§ **Available data**
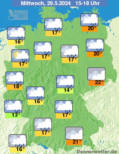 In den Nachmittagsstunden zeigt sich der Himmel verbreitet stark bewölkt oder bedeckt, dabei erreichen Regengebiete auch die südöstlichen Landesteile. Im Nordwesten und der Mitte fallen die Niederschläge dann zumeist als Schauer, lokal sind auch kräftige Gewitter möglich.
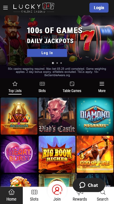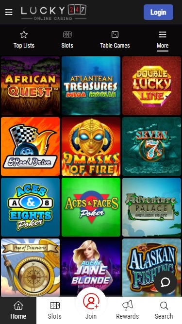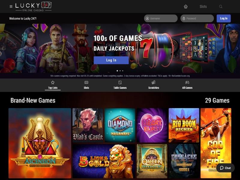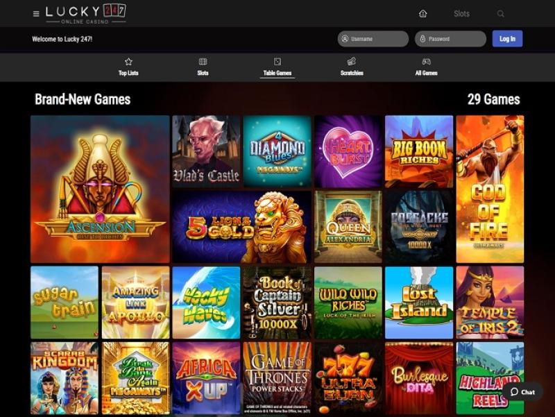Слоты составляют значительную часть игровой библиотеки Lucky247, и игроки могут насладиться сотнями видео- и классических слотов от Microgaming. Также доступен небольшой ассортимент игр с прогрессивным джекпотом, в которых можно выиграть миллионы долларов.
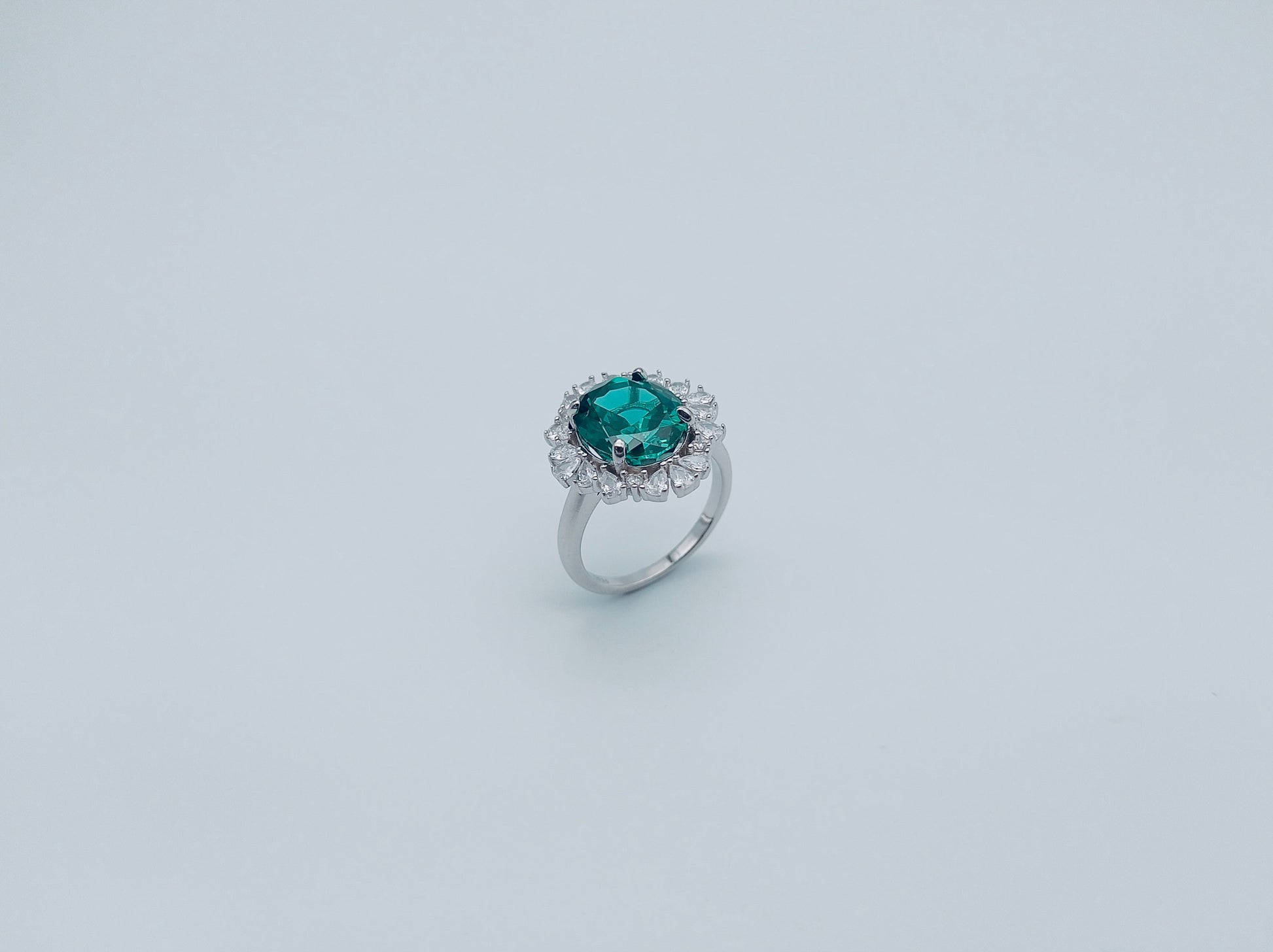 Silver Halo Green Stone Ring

§ **Task description**
The output consists of exactly the lines from the one containing "Слоты составляют значительную" through the last line of the listing, both included, with no pictures.

§ **Problem solution**
Слоты составляют значительную часть игровой библиотеки Lucky247, и игроки могут насладиться сотнями видео- и классических слотов от Microgaming. Также доступен небольшой ассортимент игр с прогрессивным джекпотом, в которых можно выиграть миллионы долларов.
 Silver Halo Green Stone Ring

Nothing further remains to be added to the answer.